* TASK BRIEF: Look through the entries below and extract exactly the lines from the one containing "意味不明あだ名 | 『自称らはらもれゆも』 |" through the one containing "Subtraction, Multiplication, Division)", ends included.

* RECORD EXCERPTS:
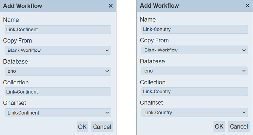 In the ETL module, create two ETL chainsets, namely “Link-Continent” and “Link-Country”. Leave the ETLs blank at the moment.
---
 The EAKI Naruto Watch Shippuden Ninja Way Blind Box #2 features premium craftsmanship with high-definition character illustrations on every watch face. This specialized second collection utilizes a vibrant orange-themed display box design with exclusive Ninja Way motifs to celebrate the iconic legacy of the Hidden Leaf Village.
--
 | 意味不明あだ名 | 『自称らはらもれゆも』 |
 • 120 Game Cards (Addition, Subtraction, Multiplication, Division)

* RESULT:
 | 意味不明あだ名 | 『自称らはらもれゆも』 |
 • 120 Game Cards (Addition, Subtraction, Multiplication, Division)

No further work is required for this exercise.